Consequently, it is important to bridge between the global spatial and temporal scales of climate
modeling to regional climate, and related regional and local air quality episodes.
Regional climate modelers are working to increase the spatial and temporal resolution of their
models. Three general approaches have been used to date.2 First, atmosphere-ocean general circulation
models (AOGCMs) are used in conjunction with higher resolution atmospheric general circulation
models run at 50 km to 100 km horizontal resolution for periods of interest. Second, regional climate
models are nested from AOGCMs by using the meteorological, surface boundary and initial conditions
from the global climate model to initialize the regional climate model. Regional climate models are run
in horizontal resolutions of approximately 20 km to 125 km.3 Third, statistical downscaling
relationships may be derived between AOGCM variables and local variables reflecting physiographic
features, land-sea distribution and land use.

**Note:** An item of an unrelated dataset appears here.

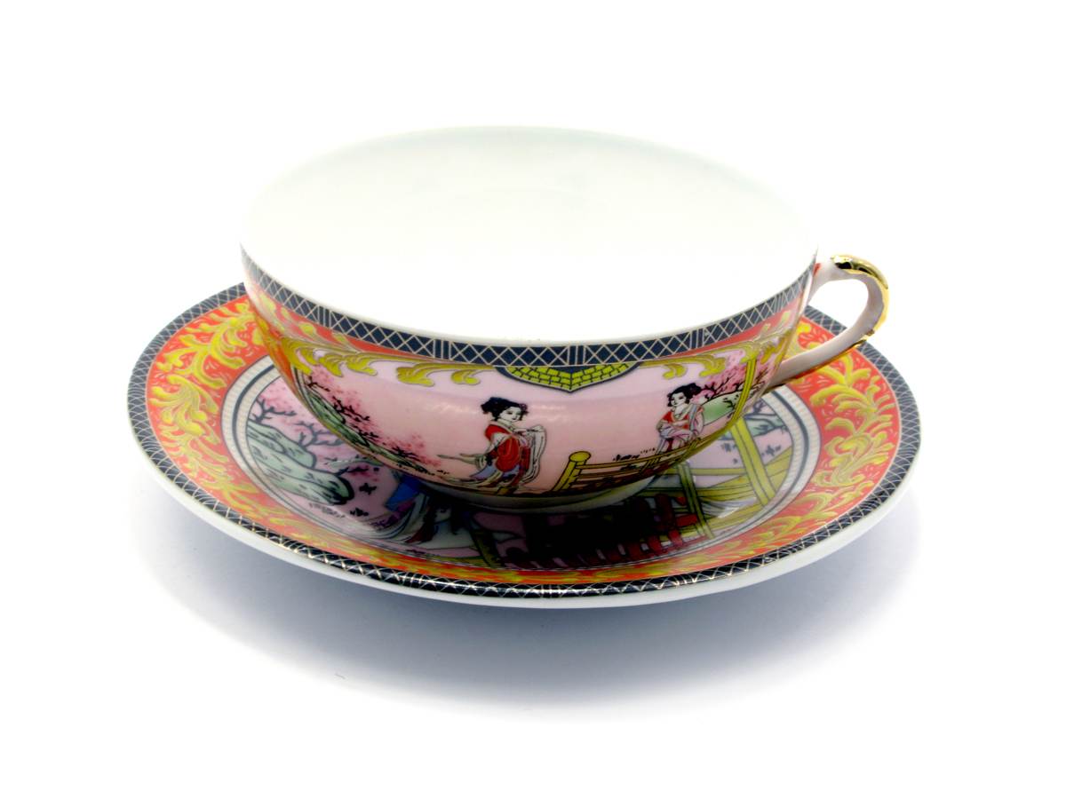Чашка+блюдце фарфор (210 мл)(ACS108-8) Розовый (h-6см, d-чашки - 8см, d-блюдца - 14см)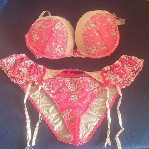 Victoria secret Pink Floral Embroidered Bra and Garter Brief Set

Continental to regional scale chemical transport air quality
models are increasingly sophisticated, and now operate at spatial resolutions which range at the upper
bound from the finer resolutions of regional climate models (approximately 50 to 100 km) down to 4 km
resolution or less, such as CMAQ. The increased role of these chemical transport models is recognized
in the Global Integration and Modeling (GIM) work, which, like GEIA, is a cross-cutting activity of
IGAC, and seeks to improve coordination and inter-comparison of chemical transport models.6
Data Needs
Emission inventories are an increasingly crucial component in the modeling efforts.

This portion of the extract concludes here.